Sure, let’s convert the decimal number (2536475891_{10}) to binary and hexadecimal.
Binary Conversion:
To convert (2536475891_{10}) to binary, we repeatedly divide by 2 and note down the remainders until the quotient becomes 0.
[
\begin{align} 2536475891_{10} &= 2 \times 1268237945 + 1 \quad (\text{remainder}) \ 1268237945 &= 2 \times 634118972 + 1 \quad (\text{remainder}) \ 634118972 &= 2 \times 317059486 + 0 \quad (\text{remainder}) \ 317059486 &= 2 \times 158529743 + 0 \quad (\text{remainder}) \ 158529743 &= 2 \times 79264871 + 1 \quad (\text{remainder}) \ 79264871 &= 2 \times 39632435 + 1 \quad (\text{remainder}) \ 39632435 &= 2 \times 19816217 + 1 \quad (\text{remainder}) \ 19816217 &= 2 \times 9908108 + 1 \quad (\text{remainder}) \ 9908108 &= 2 \times 4954054 + 0 \quad (\text{remainder}) \ 4954054 &= 2 \times 2477027 + 0 \quad (\text{remainder}) \ 2477027 &= 2 \times 1238513 + 1 \quad (\text{remainder}) \ 1238513 &= 2 \times 619256 + 1 \quad (\text{remainder}) \ 619256 &= 2 \times 309628 + 0 \quad (\text{remainder}) \ 309628 &= 2 \times 154814 + 0 \quad (\text{remainder}) \ 154814 &= 2 \times 77407 + 0 \quad (\text{remainder}) \ 77407 &= 2 \times 38703 + 1 \quad (\text{remainder}) \ 38703 &= 2 \times 19351 + 1 \quad (\text{remainder}) \ 19351 &= 2 \times 9675 + 1 \quad (\text{remainder}) \ 9675 &= 2 \times 4837 + 1 \quad (\text{remainder}) \ 4837 &= 2 \times 2418 + 1 \quad (\text{remainder}) \ 2418 &= 2 \times 1209 + 0 \quad (\text{remainder}) \ 1209 &= 2 \times 604 + 1 \quad (\text{remainder}) \ 604 &= 2 \times 302 + 0 \quad (\text{remainder}) \ 302 &= 2 \times 151 + 0 \quad (\text{remainder}) \ 151 &= 2 \times 75 + 1 \quad (\text{remainder}) \ 75 &= 2 \times 37 + 1 \quad (\text{remainder}) \ 37 &= 2 \times 18 + 1 \quad (\text{remainder}) \ 18 &= 2 \times 9 + 0 \quad (\text{remainder}) \ 9 &= 2 \times 4 + 1 \quad (\text{remainder}) \ 4 &= 2 \times 2 + 0 \quad (\text{remainder}) \ 2 &= 2 \times 1 + 0 \quad (\text{remainder}) \ 1 &= 2 \times 0 + 1 \quad (\text{remainder}) \ 0 &= \text{end of division} \end{align}
]
Now, reading the remainders from bottom to top, we get:
[2536475891_{10} = 1001011111100111010110111010011_{2}]
Hexadecimal Conversion:
To convert (2536475891_{10}) to hexadecimal, we can convert the binary representation we obtained earlier to hexadecimal. Grouping the binary digits into groups of 4 from the right, we get:
[1001 \quad 0111 \quad 1110 \quad 0111 \quad 0101 \quad 1011 \quad 1010 \quad 0011_{2}]

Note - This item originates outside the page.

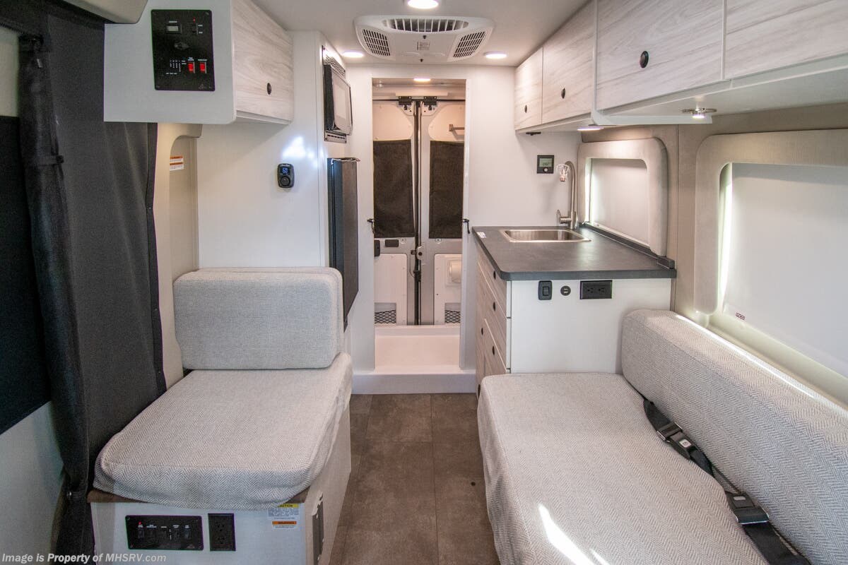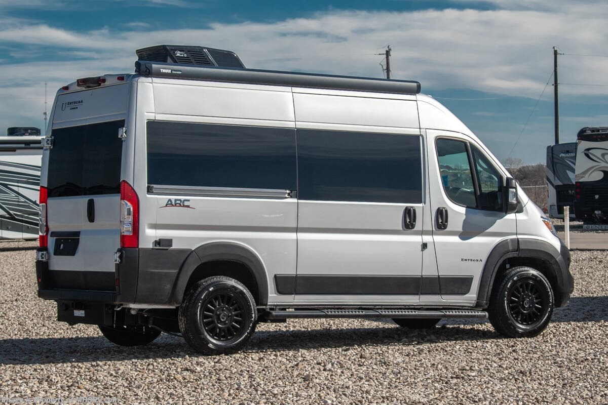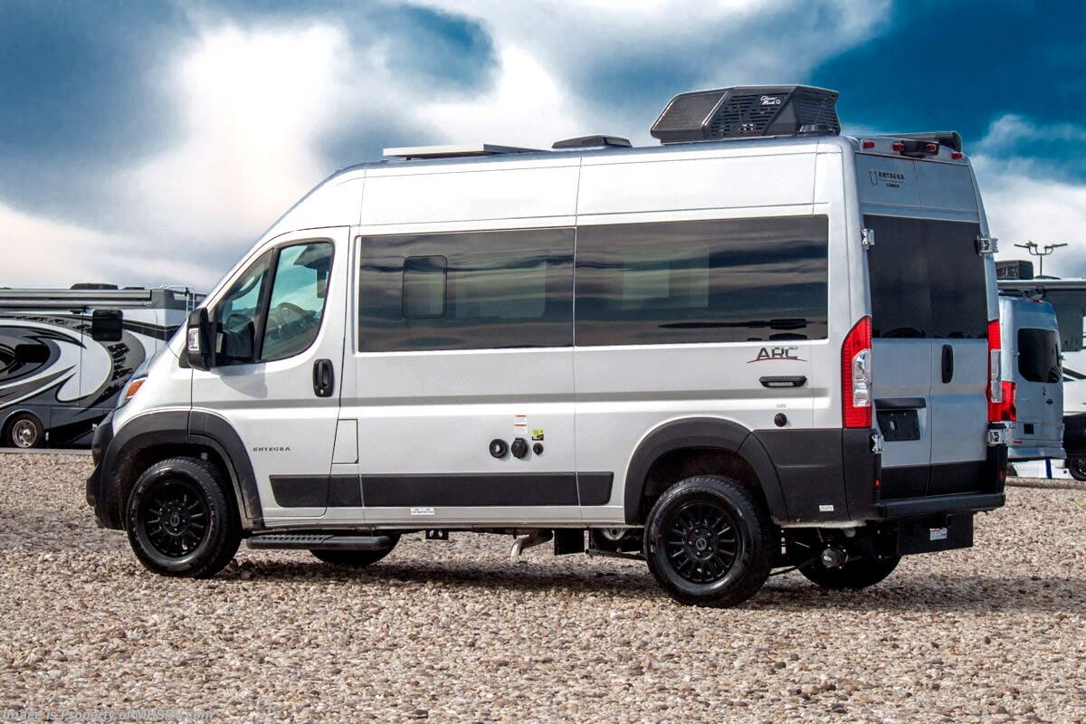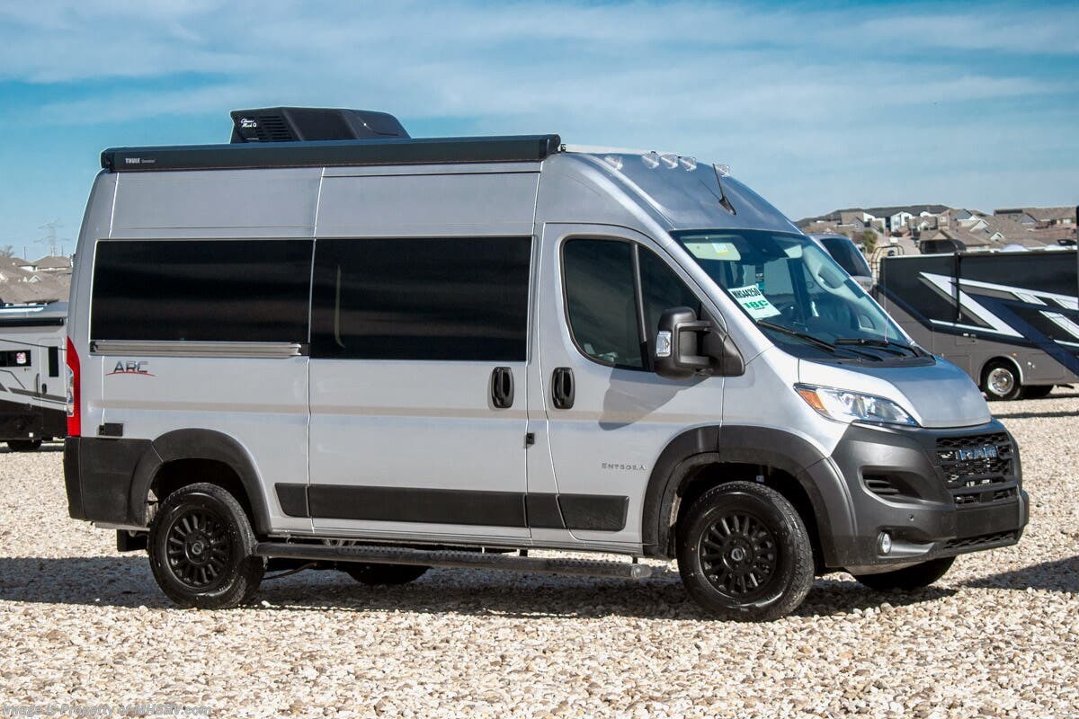 - 200W Solar Shop hundreds of motorhomes including B Van RVs at MHSRV! Choose from Midwest Automotive Designs Patriot – Patriot Cruiser – Forest River OGV V RV – V Cruise – Thor Motor Coach Tranquility – Entegra Coach Launch and more. We also buy and sell quality pre-owned models such as Airstream Interstate – Atlas – Jayco Terrain – Tiffin GH1 – Winnebago Revel – Adventure Wagon – Pleasure Way Plateau – Ascent – Roadtrek – Leisure Travel Wonder – Unity - Coachmen Galleria – Thor Sanctuary and much more. Visit for our complete line-up and the sale prices that have made us the #1 volume selling motor home dealership in the world 12 years in a row! About This RV This RV is powered by the RAM® ProMaster chassis, brought to life by a 3.6L V6 24V VVT 276HP engine and is approximately 17 feet, 10 inches in length. Inside, custom-molded ABS interior wall panels, a Uconnect® 5 NAV infotainment center and a swivel passengers seats bring high-end luxury to van life. The Arc includes many great features such as the Blind spot monitoring with rear cross path detection, LaneSense® lane departure warning with lane keep assist; Forward collision warning with active braking, rain-sensitive windshield wipers, wireless charging pads, drowsy driver detection, automatic high-beam highlights, heated holding tanks and much more. About Us For more details on this unit, our full inventory, brochures, window stickers, videos, photos, and customer reviews, visit or call 800-335-6054 for the Texas location or 334-288-0331 for our Alabama location. At Motor Home Specialist, we never charge prep or orientation fees. Every new RV sale includes a multi-point inspection, full interior and exterior detail. At our Texas location we also offer a high-pressure rain booth test—an exclusive service in the industry. You'll also receive a comprehensive coach orientation with an MHSRV technician and a complimentary night in our delivery park with full hook-ups at our Texas Location. --Why Pay More? Why Settle for Less?—

Converting each group of 4 binary digits to their respective hexadecimal equivalents:
[1001_2 = 9_{16},]
[0111_2 = 7_{16},]
[1110_2 = E_{16},]
[0111_2 = 7_{16},]
[0101_2 = 5_{16},]
[1011_2 = B_{16},]
[1010_2 = A_{16},]
[0011_2 = 3_{16}.]
So, the hexadecimal representation of (2536475891_{10}) is (97E755BA3_{16}).